The wide variety of aircraft which are deployed to the airfield can result in large numbers of aviation enthusiasts visiting Lossiemouth during Joint Warrior exercises.

==== RAF Leeming ====
BAE Systems Hawks of No. 100 Squadron based at RAF Leeming in Yorkshire simulate enemy forces in the aggressor role. The airfield has also hosted fast jets such as French Air Force Dassault Alpha Jets and German Air Force Panavia Tornados.

==== MOD West Freugh ====
The airfield at MOD West Freugh in Dumfries and Galloway was temporarily re-activated by the RAF's Tactical Supply Wing during JW 14/1. Forward arming and refuelling facilities were established to support the helicopters of 16 Air Assault Brigade.

=== Ground ===
Ground training utilises the Defence Training Estate, commercial ranges and privately owned land. Aerial assaults take place to recapture airfields and have previously taken place at Castle Kennedy airfield, West Freugh airfield, Salisbury Plain Training Area and Kinloss Barracks. Other locations used include Edingham Castle, near Dalbeattie.

== Notable events ==
- During NW 07/1, two Russian Tupolev Tu-95 Bear aircraft were detected over the Outer Hebrides monitoring the exercise. RAF Tornado F3 fighter jets were scrambled from RAF Leuchars to escort the aircraft from UK airspace.
- Live-fire exercises forming part of JW 08/1 was blamed for causing a heath fire which affected 338 acre of land at Cape Wrath.
- The first firing of an AGM-114 Hellfire missile in the UK took place during JW 12/1 when two Army Air Corps Apaches flying from fired on targets in the sea off northern Scotland.
- After suffering a mechanical failure during JW 14/1, an Army Air Corps Apache helicopter made an emergency landing in a field near Maryculter, Aberdeenshire.

== Controversy ==
Concern has been raised by marine conservation charities that military activity associated with Joint Warrior, especially the use of sonar, is adversely affecting marine mammals.

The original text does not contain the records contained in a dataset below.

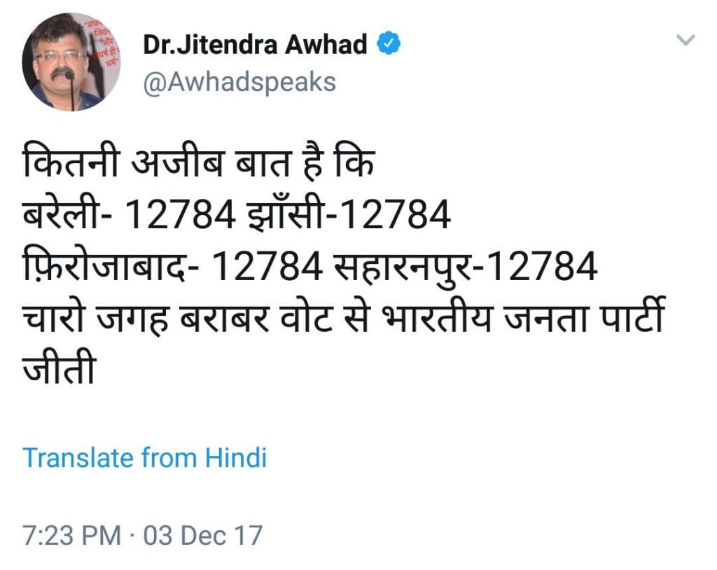 On Sunday evening, Dr Jitendra Awhad, a member of the Nationalist Congress Party, tweeted from his verified account that the BJP had won the civic polls in Bareilly, Jhansi, Firozabad, and Saharanpur by identical margins of 12,784 votes.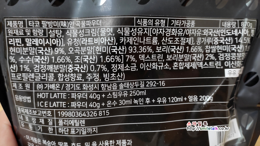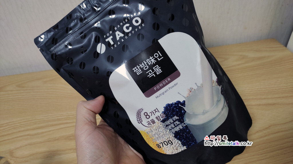 '타코 팔방미인 곡물파우더' 로 집에서도 건강한 곡물라떼를 드셔 보세요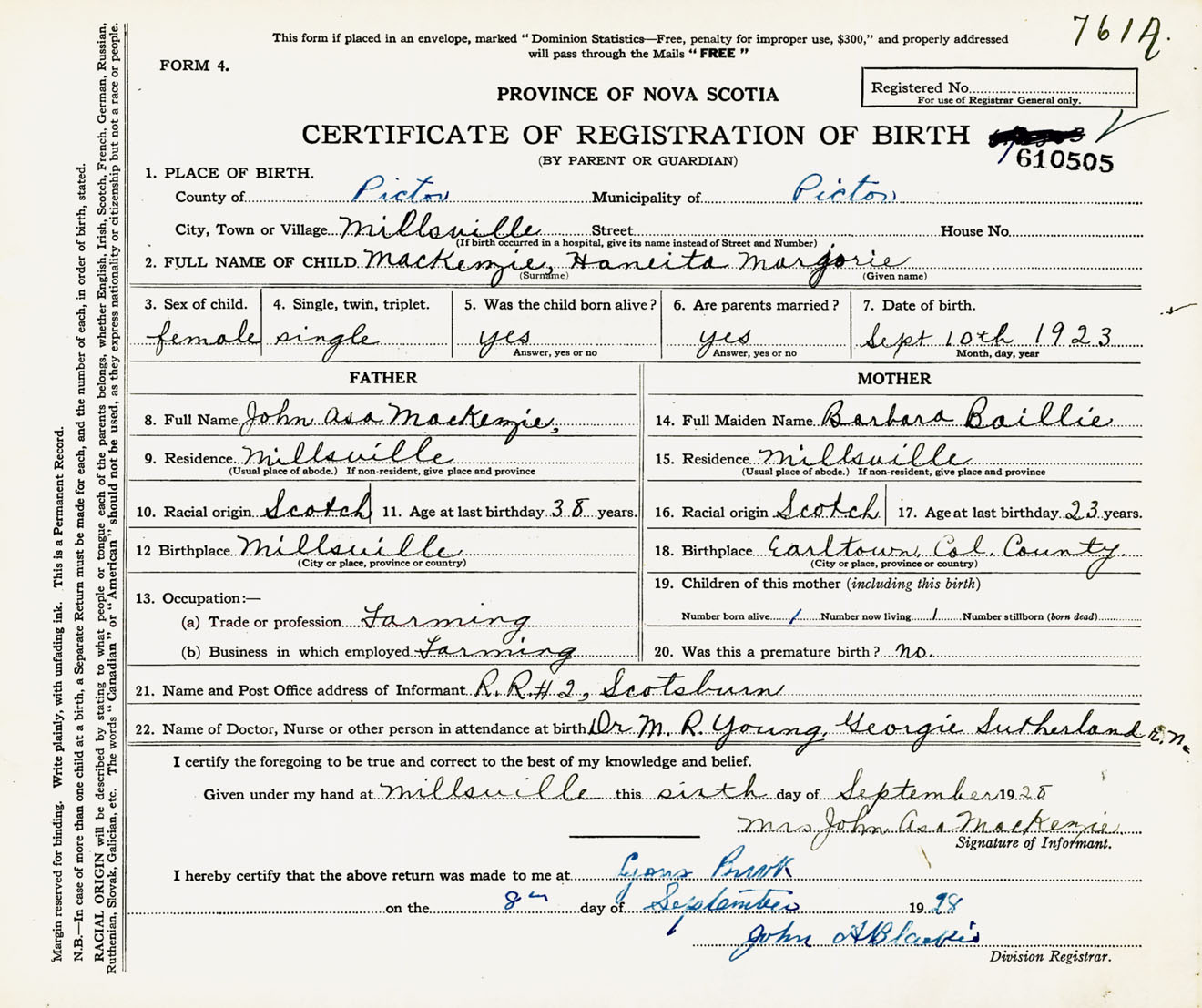Female Birth Registration: Year: 1923 number: 61000505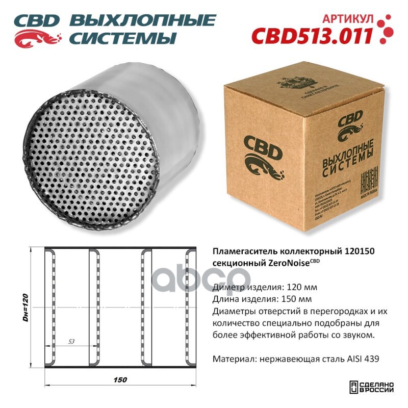 Чтобы купить Пламегаситель коллекторный 120150 секционный из Нерж. стали CBD арт. CBD513011 оптом по цене 1962 руб., свяжитесь с поставщиком. Компания поставщик — For-cars (ИП «Иванов Алексей Валентинович») из города Москва. Доставка возможна самовывоз, транспортной компанией, авиатранспортом, железной дорогой. Способы оплаты: наличными, безналичная оплата, электронные деньги.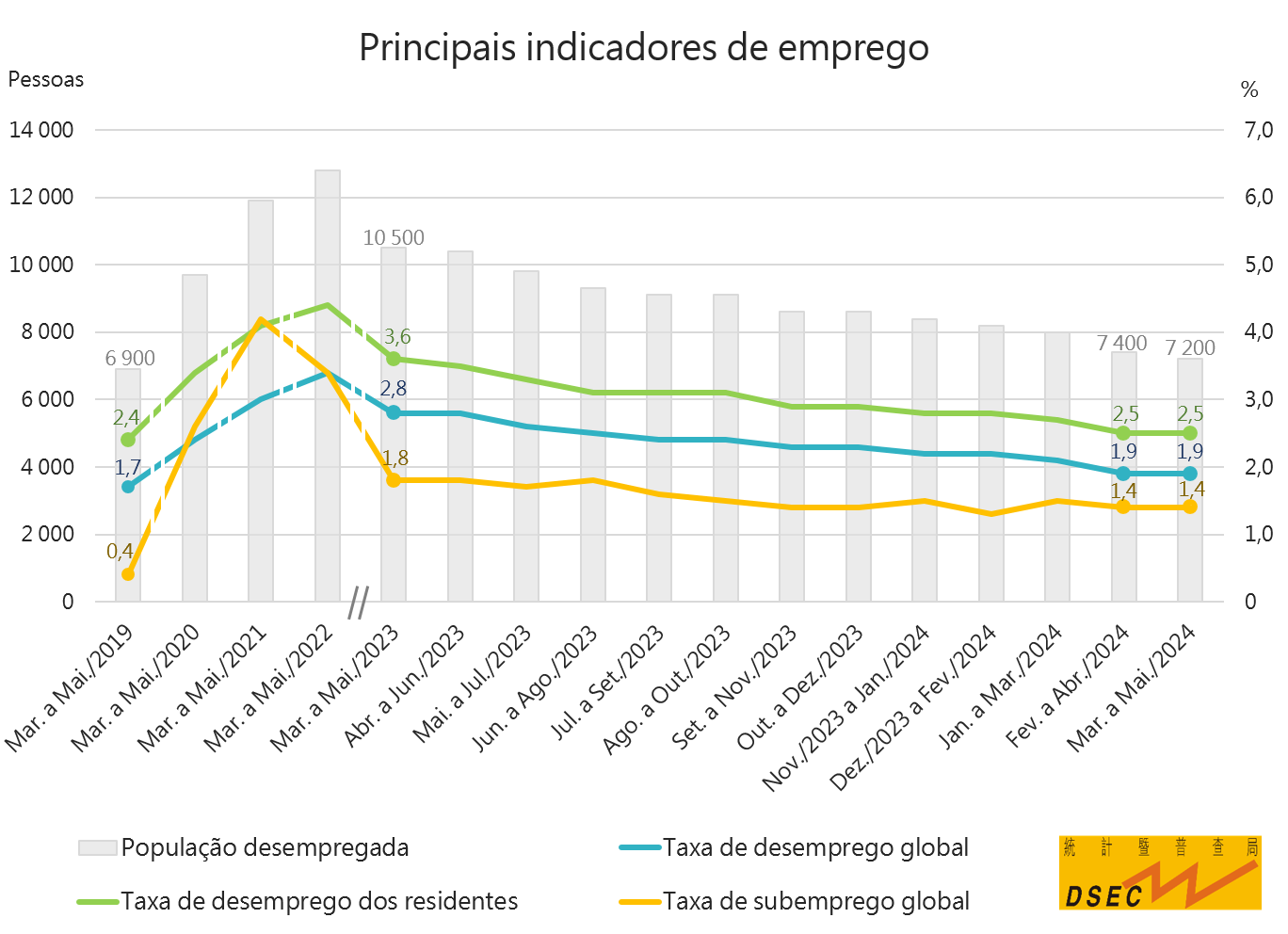 Entre Março e Maio de 2024 a taxa de desemprego global (1,9%) e a taxa de desemprego dos residentes (2,5%) mantiveram-se ambas idênticas às do período passado (Fevereiro a Abril de 2024), após terem caído por dois períodos consecutivos. Estes dois indicadores aproximaram-se dos níveis do período de Março a Maio de 2019. A taxa de subemprego manteve-se em 1,4%, informam os Serviços de Estatística e Censos.

A significant decrease in the sightings of cetaceans in West Scotland, particularly during the 1998 series of JMCs, led to the formation of a joint discussion forum consisting of the Ministry of Defence, Scottish Natural Heritage, environmental NGOs and concerned wildlife tour operators. As result, a code of conduct for naval operators was developed and areas where known cetacean activity is taking place are avoided during the exercises. However concerns continue to exist and the Hebridean Whale and Dolphin Trust vessel Silurian has been used during 2015 and 2016 exercises to monitor naval activity and any changes in marine-life behaviour.